At the start of the week I was very doubtful I could do 6 weeks of radio..... That sounds weak and a bit snivelly, but it's the truth. My sister and hubby got me through the first 4 days....... If I'd been on my own I wouldn't have gone. Despite what they tell you about it being 2 weeks before side effects kick in, this is complete nonsense. Well, it is for me. From day 1, immediately after treatment I feel dizzy, have a thumping headache, am over sensitised particularly to noise, and often feel a bit nauseous. It's been the same every day. I can hardly open my eyes after.
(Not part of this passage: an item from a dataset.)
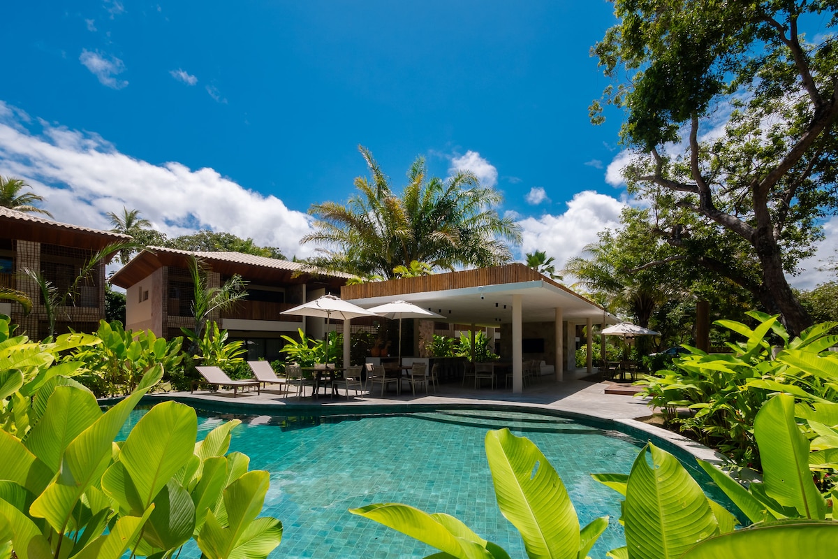 Isipin na simulan ang iyong araw sa pamamagitan ng pagkakaroon ng kape sa balkonahe at sa ilang hakbang lang pumili sa pagitan ng beach o kaakit - akit na nayon. Nag - aalok ang aming nayon, na may magandang dekorasyon, komportableng kapaligiran, malawak at maraming estilo sa isang condominium na may hardin, seguridad at paradahan. Mabilis na Wi - Fi, merkado sa tabi at bawat kaginhawaan para sa mga mag - asawa, pamilya o kaibigan. Maluwang, bagong na - renovate at kaakit - akit na bakasyunan para makapagpahinga at mamuhay nang pinakamaganda sa Praia do Forte.

I force myself to go for walks and stay awake so I can sleep at night..... 'one, two, Freddie's coming for you.....'........ I was so relieved yesterday to have someone believe me and acknowledge that everyone is different and that she often sees people who find the first week the hardest. I'm not expecting this to get easier, but I know how I feel and it's frightening and unfair when you don't quite follow the text book version of what should happen. Thankfully my sis and hubby pulled me through the first 4 days, and today I managed to fly solo...... I went up on hospital transport and was treated and on my way home within half an hour! 
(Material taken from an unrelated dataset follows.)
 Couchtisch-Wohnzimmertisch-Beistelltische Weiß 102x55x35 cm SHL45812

The transport was grand. Turns out the driver and I had quite a few people in common and a shared love of music, so we had plenty to chat about. My fellow passengers included a man going for dialysis...... deeply unimpressed and of the firm belief that medical professionals are making him worse. I can understand where that attitude would come from that if I'm honest...... I'm the girl who's threatened to run away and not take any more treatment on at least five occasions. Ultimately I'm not stupid though. As hard as the treatment is, it's being done for a reason. I also strongly believe I can help myself with a positive attitude and strength of character. I don't manage it all the time, but I always pull it back with the help of those around me. Anyway, he grumbled but he was in the bus and he went into the hospital. Good for him. My other busmate was a somewhat quieter older lady. Going to get a scan done and pretty unphased by the whole thing. 

I'd started the day with what I thought I'd thought was the start of a panic attack, but a check of my blood sugars showed a reading of 2.2.......far too low. The symptoms are similar to anxiety. Thankfully I was able to get them up quickly with some glucose tablets and toast with jam. The steroids I'm on are supposed to raise blood sugars but mine have dropped to dangerous levels around four times........ always when I wake up in the morning. I asked for a kit to check them myself, which I do every morning and before I go to sleep. Generally they're very predictable, but the odd time they go a bit screwy. It's fairly alarming, but I know what to do so I can self manage it........ and we all know I like to be in some degree of control!

After radio today I had much the same side effects, but felt amazing because that's a week done!! A big milestone reached. It flew in and the next 5 will do the same. I still get so much strength from the other patients. We're all there, doing it! I want to growl at the waiting room..... a great big,fist clenched, 'gggggrrrrrrr' round every person seated there. Someday I might.... and I've little doubt that some will do it back! 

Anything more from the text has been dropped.